Now let's define the optimizer object to generate the synthetic syllable by solving the optimization problem. First, create the optimizer object by specifying the optimization method, its parameters, and the syllable of interest.
brute_kwargs = {'method':'brute', 'Ns':11} # optimization method, Ns is the number of grid points
optimizer = bs.Optimizer(syllable, brute_kwargs) # optimizer object
Then, execute the solver to find the optimal time scalar constant and the optimal motor gesture parameters (labial tension and air sac pressure vairables)
optimal_gm = optimizer.OptimalGamma(syllable) # find optimal gamma (time scale constant)
optimizer.OptimalParams(syllable, Ns=11) # find optimal parameters coefficients
#syllable, synth_syllable = optimizer.SongByTimes(time_intervals) # find optimal parameters over several time intervals
Finally, define the synthetic syllable object with the optimal values found above.

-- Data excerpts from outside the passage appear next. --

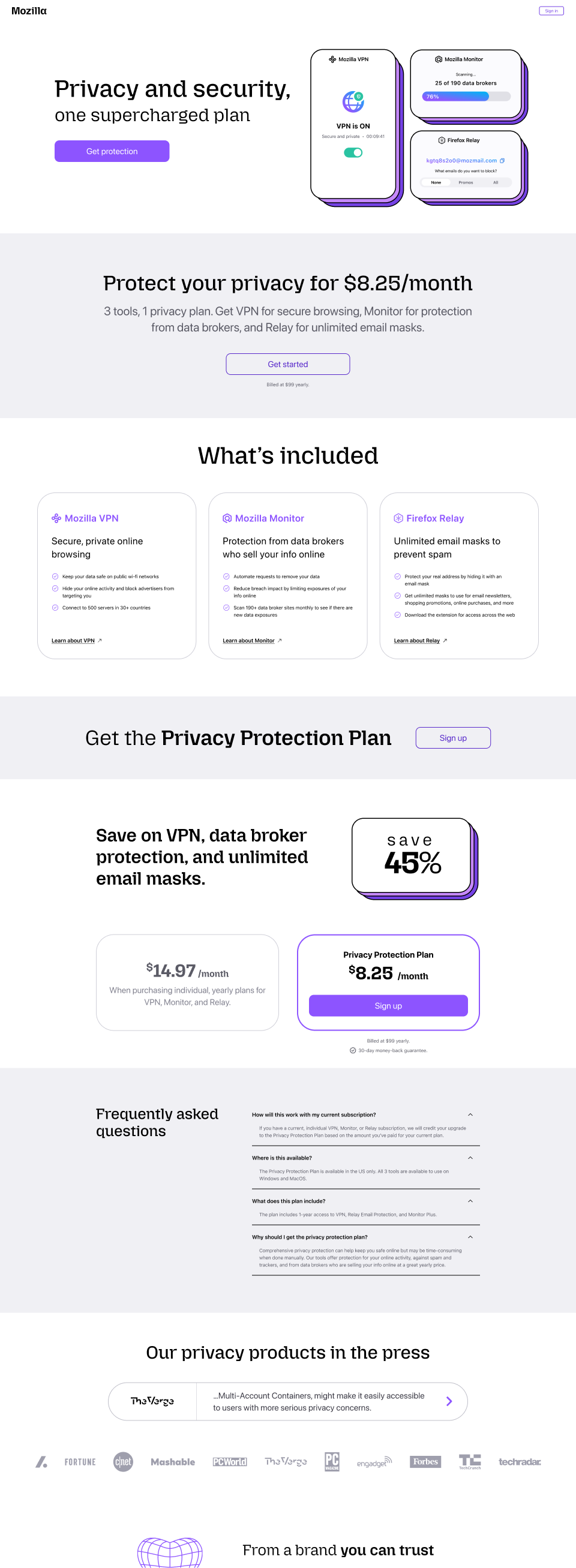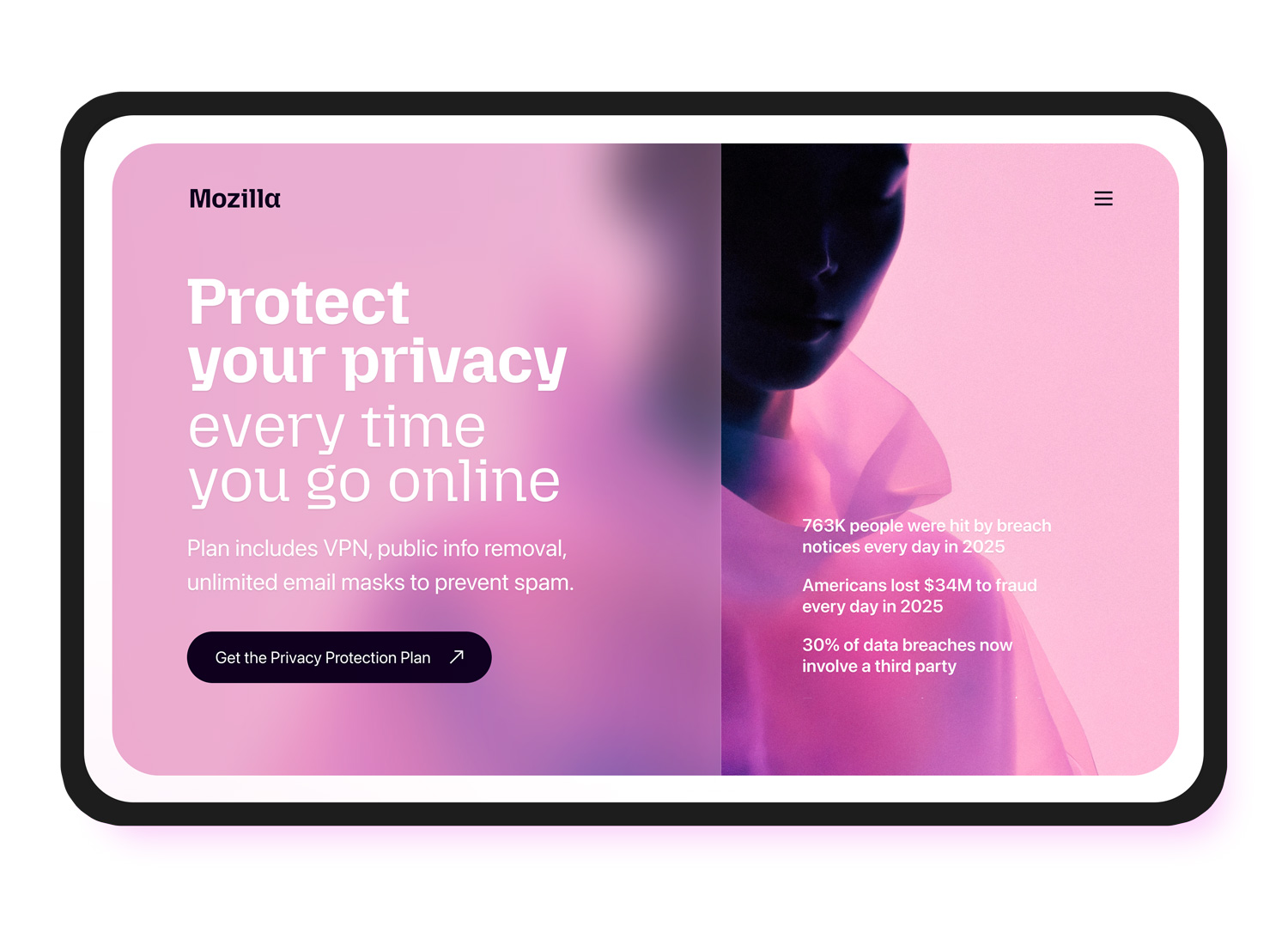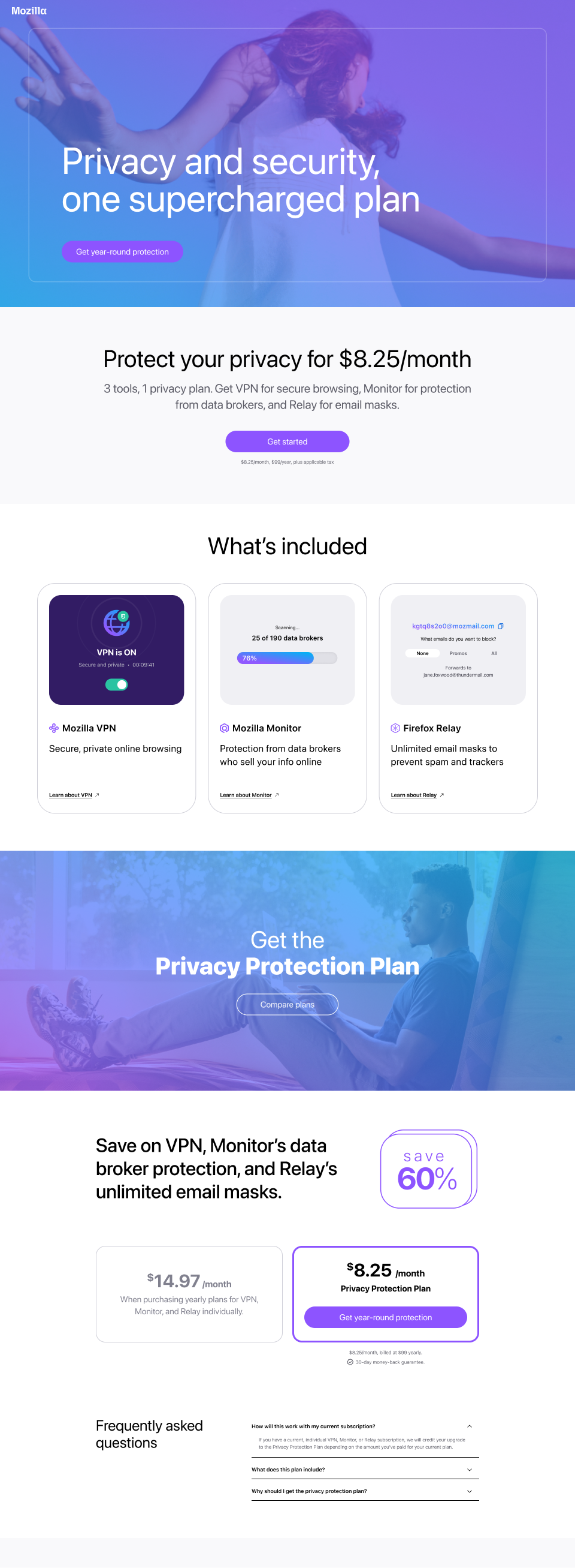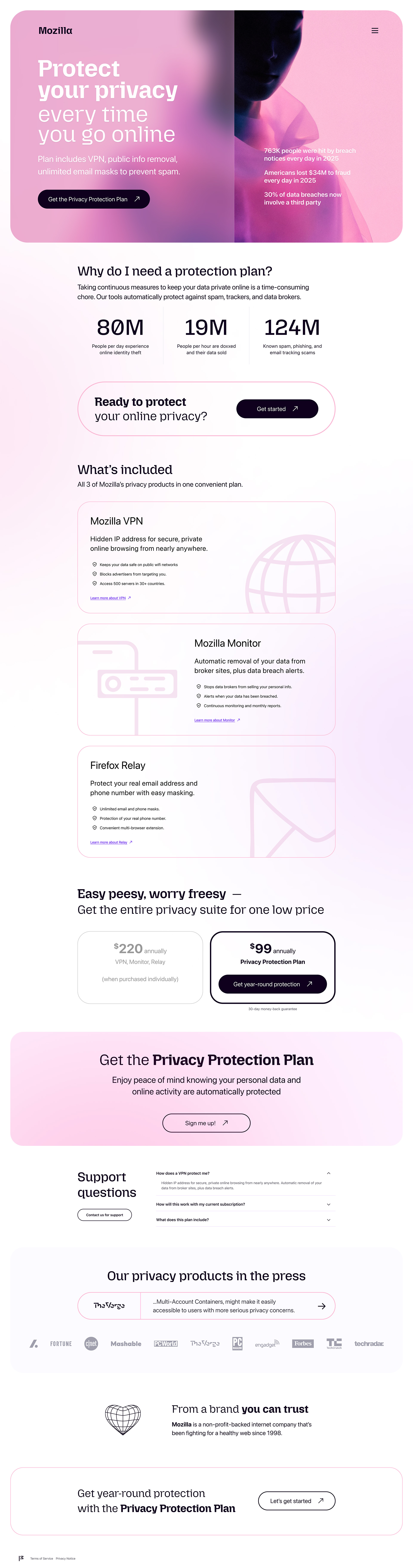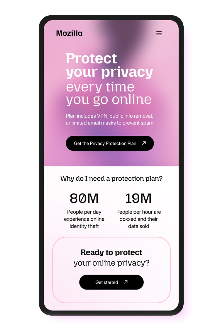 Mozilla Privacy Protection Plan: designing a bold landing page for Mozilla’s new bundled privacy subscription, combining Firefox Monitor Plus, Firefox Relay, and Mozilla VPN into a single offer.
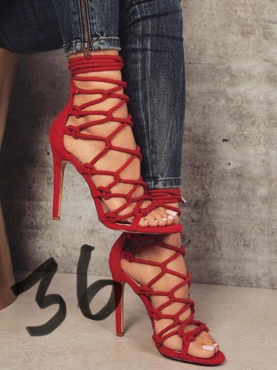 Clearance Sale!!!2022 summer new hollow round toe side empty back zipper ankle strap high stiletto women's large size sandals
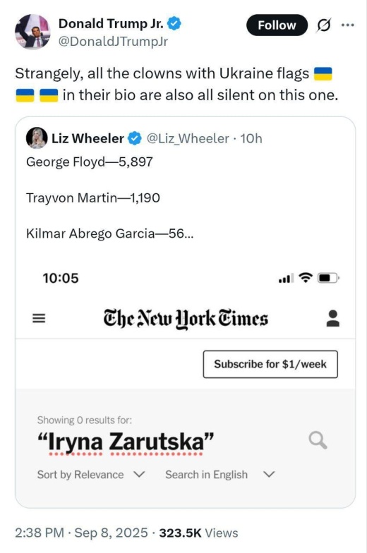 «Все клоуны с украинскими флагами молчат»: сын Трампа об убийстве украинской беженки в США
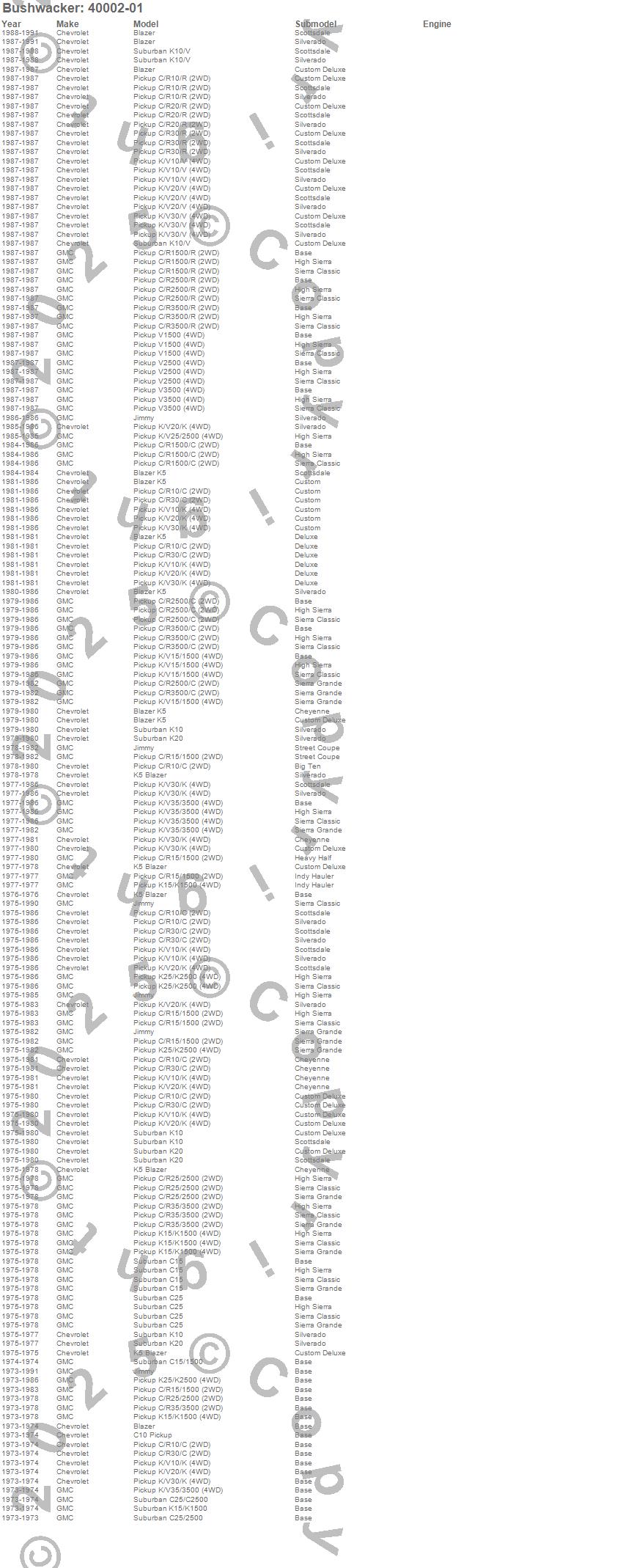 Blazer, Blazer K5, C10 Pickup, C15 Suburban, C15/C1500 Suburban, C1500 Pickup, C25 Suburban, C25/C2500 Pickup, C25/C2500 Suburban, C2500 Pickup, C30 Pickup, C35/C3500 Pickup, C3500 Pickup, Jimmy, K10 Pickup, K10 Suburban, K15/K1500 Suburban, K1500 Pickup, K20 Pickup, K20 Suburban
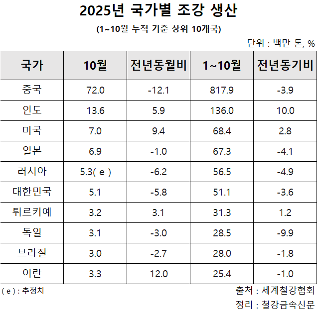 한국과 일본의 조강 생산도 각각 510만, 690만 톤으로 지난해 10월 대비 5.8%, 1% 감소했고, 7개월 연속 2024년보다 낮은 수준을 기록했다.
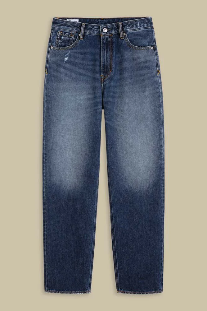Zip fly Vegan patch Recycled metal trims.
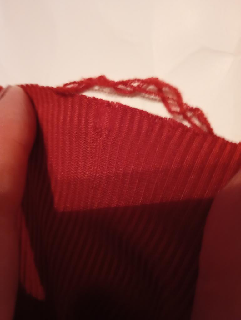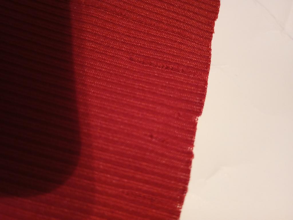 Okraje jsou zcela neobšité, jen ustřižené a všechno, nitě se začínají trochu párat
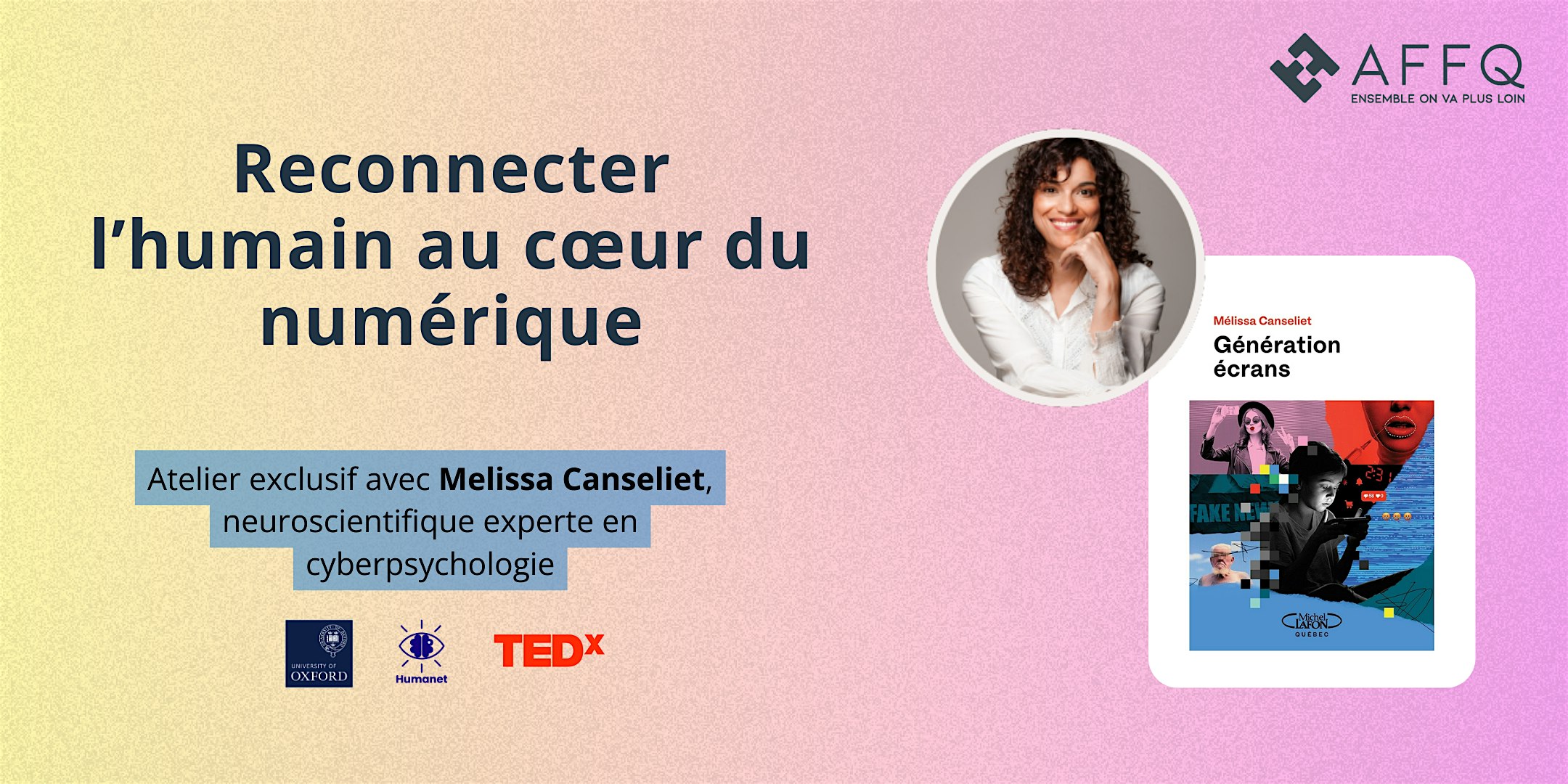 Cet atelier en ligne, animé par Melissa Canseliet explore les liens entre le cerveau, les technologies et nos comportements numériques. Grâce à une approche en conscience neuropsychologique, les participantes comprendront mieux les mécanismes cognitifs à l’œuvre et repartiront avec des leviers concrets pour adopter des pratiques de travail plus saines, sécuritaires et humaines.
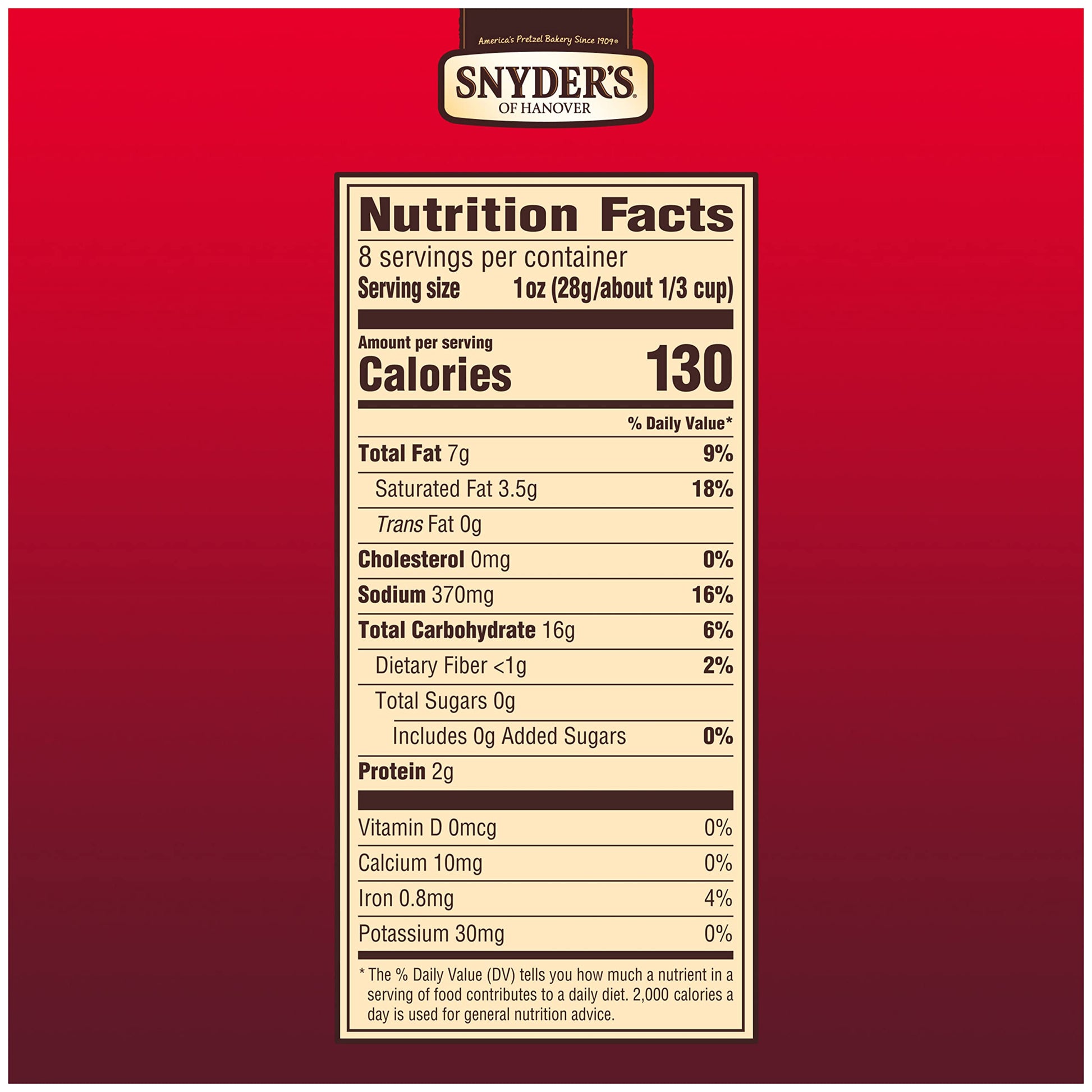 - Q: What is the size of the packaging for Snyder's Pretzel Pieces? A: Snyder's of Hanover Hot Buffalo Wing Pretzel Pieces come in an 8-ounce bag, which is perfect for sharing with friends or keeping on hand for personal cravings. This convenient size allows for easy transport and storage.
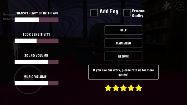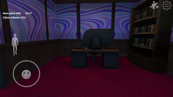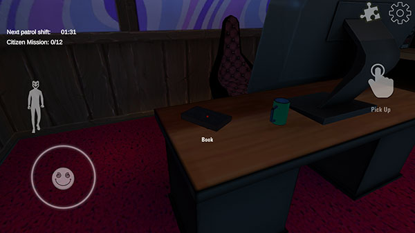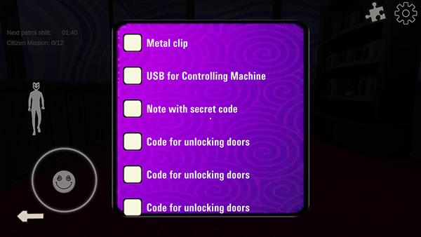操作简单,玩家通过左下角轮盘控制角色移动,右上角拼图块查看任务目标,暂停菜单可调整参数或返回主界面。游戏有多个地图场景,处处隐藏危机,考验玩家的冷静与智慧。
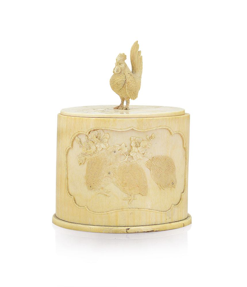 SCATOLA CON COPERCHIO IN AVORIO, GIAPPONE, XIX SECOLO, cilindrica con decori a rilievo con volatili e cimatura a gallo; rincollatura alla presa del coperchio.

synth_syllable = syllable.Solve(syllable.p)
Finally, visualize and write the optimal synthetic audio.
plotter.Plot(synth_syllable); # sound wave and spectrogram of the synthetic syllable
plotter.PlotVs(synth_syllable); # physical model variables over the time
plotter.PlotAlphaBeta(synth_syllable); # motor gesture curve in the parametric space
plotter.Syllables(syllable, synth_syllable); # synthetic and real syllables spectrograms and waveforms
plotter.Result(syllable, synth_syllable); # scoring variables and other spectral features
birdsong.WriteAudio(); synth_syllable.WriteAudio(); # write both audios at ./examples/results/Audios
Note
To generate a single synthetic syllable (or chunck) you must have defined a birdsong (or syllable) and the process is as follows:
- Define a path object.
- Define a birdsong object using the above path object, it requeries the audio file id. You can also enter the length of the window FFT and the umbral (threshold) for computing the FF, between others.
- Select or define the time intervals of interest.
- Define an optimization object with a dictionary of the method name and its parameters.
- Find the optimal gammas for all the time intervals, or a single, and average them.
- Find and export the optimal labia parameters for each syllable, the motor gesture curve.
- Generate synthetic birdsong from the previous control parameters found.
- Visualize and save all the syrinx, scoring, and result variables.
- Save both synthetic and real syllable audios.
The repository has some audio examples, in the ./examples/audios folder. You can download and store your own audios in the same folder or enter the audio folder path to the Paths object.
The audios can be in WAV of MP3 format. If you prefer WAV format, we suggest use Audacity to convert the audios without any issue.
The model is tested and evaluated with different syllables of the birdsong of the Rufous Collared Sparrow. Results are located at examples/examples, images and audios. For more information visit the project website birdsongs or access the results page.
Simple syllable of a birdsong of the Rufous Collared Sparrow
Simple syllable of a birdsong of the Ocellated Tapaculo - Acropternis
The PDF document of the bachelor thesis, Design, development, and evaluation of a computational physical model to generate synthetic birdsongs from recorded samples, is stored in the dissertation
brach of this repository.
Some of the applications of this model are:
- Data Augmentation: use the model to create numerous synthetic syllables, it can be done by creating a syntetic birdsong and then varying its motor gestures parameters to get similar birdsongs.
- Birdsongs Descriptions: characterize and compare birdsongs using the motor gestures parameters.